Exercise goal. Will you output all of the data below exactly, omitting the images?

Exercise data.
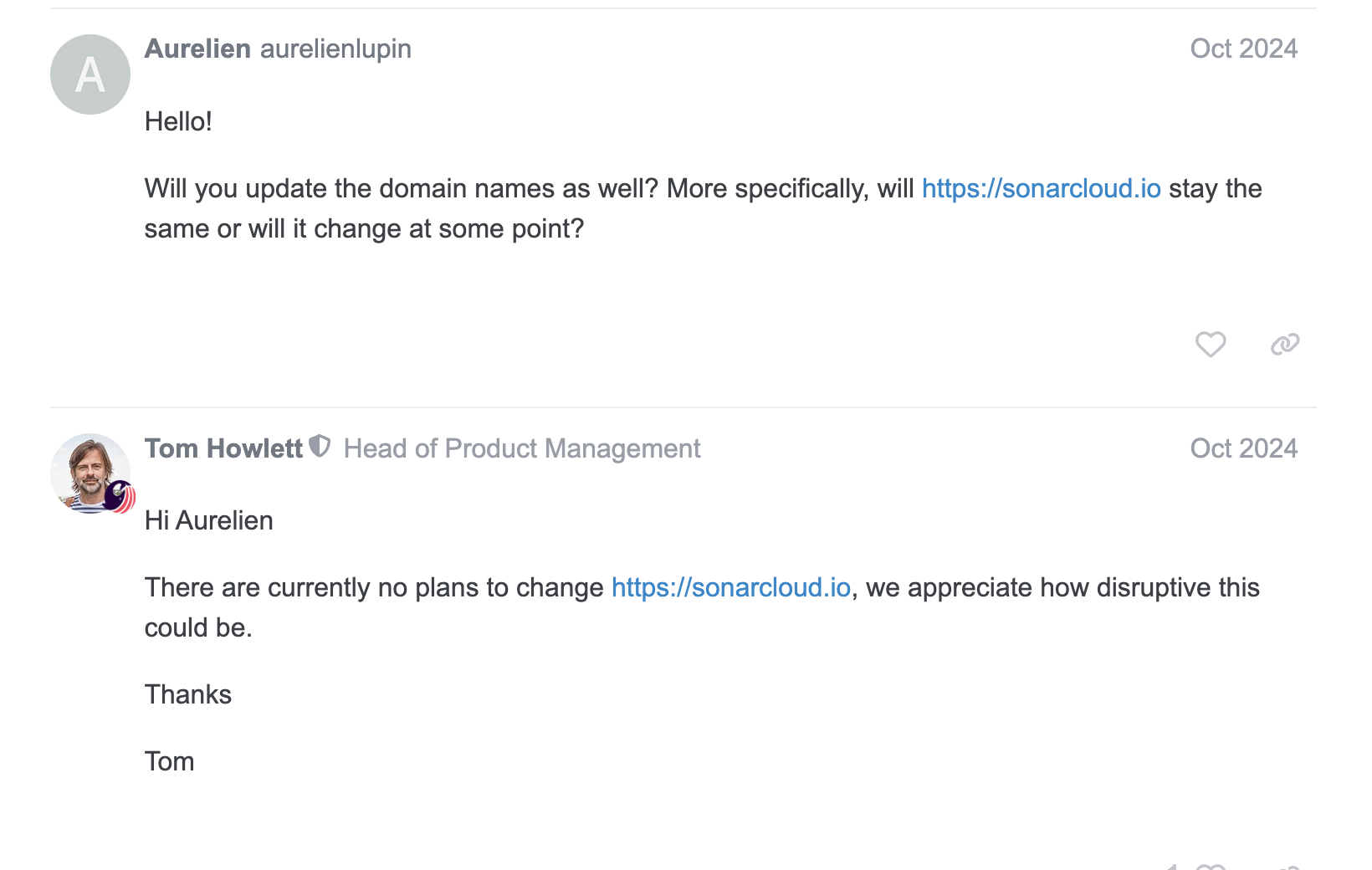 사이트의 도메인주소도 바뀌나 싶었는데 Aurelien의 질문에 현재 바꿀 계획은 없다고 한다.
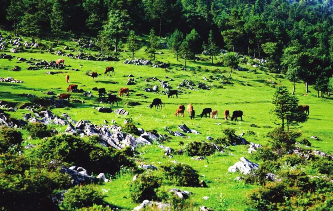千野草场,黄水国家森林公园的重点景区之一,集山、林、草、石、畜于一体,颇有“天苍苍,野茫茫,风吹草低见牛羊”的南国草场风光。
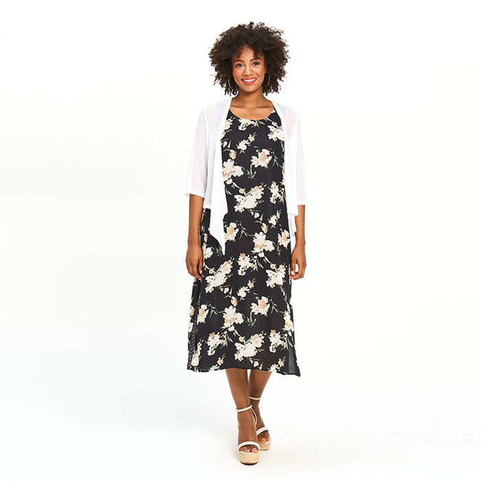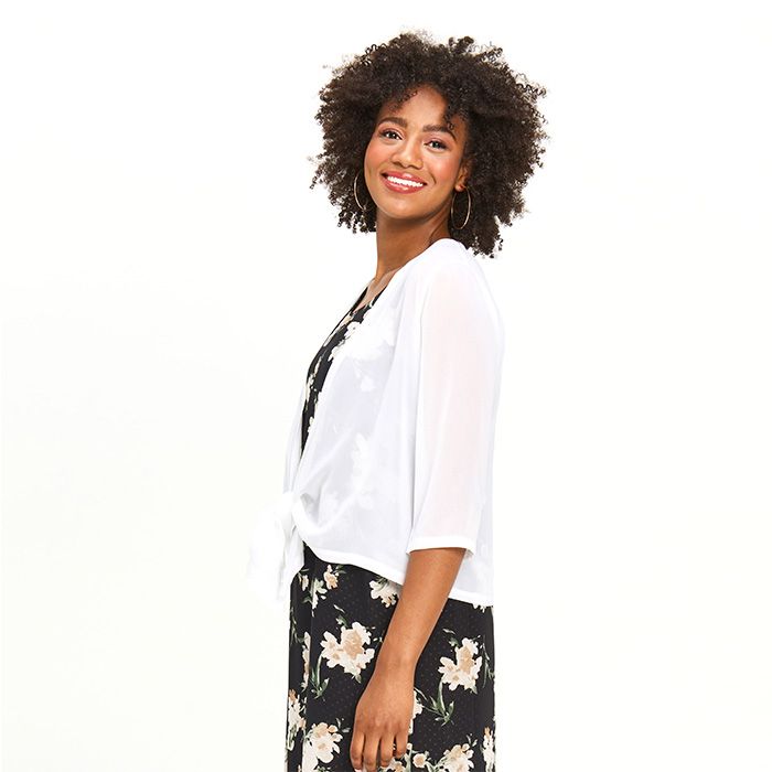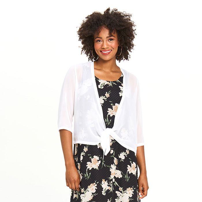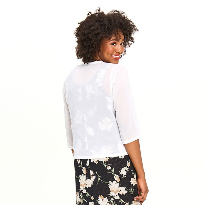 The perfect addition to any elevated look, this drape-style, sheer chiffon bolero features three-quarter sleeves and an easy silhouette.

Task response.
 사이트의 도메인주소도 바뀌나 싶었는데 Aurelien의 질문에 현재 바꿀 계획은 없다고 한다.
千野草场,黄水国家森林公园的重点景区之一,集山、林、草、石、畜于一体,颇有“天苍苍,野茫茫,风吹草低见牛羊”的南国草场风光。
 The perfect addition to any elevated look, this drape-style, sheer chiffon bolero features three-quarter sleeves and an easy silhouette.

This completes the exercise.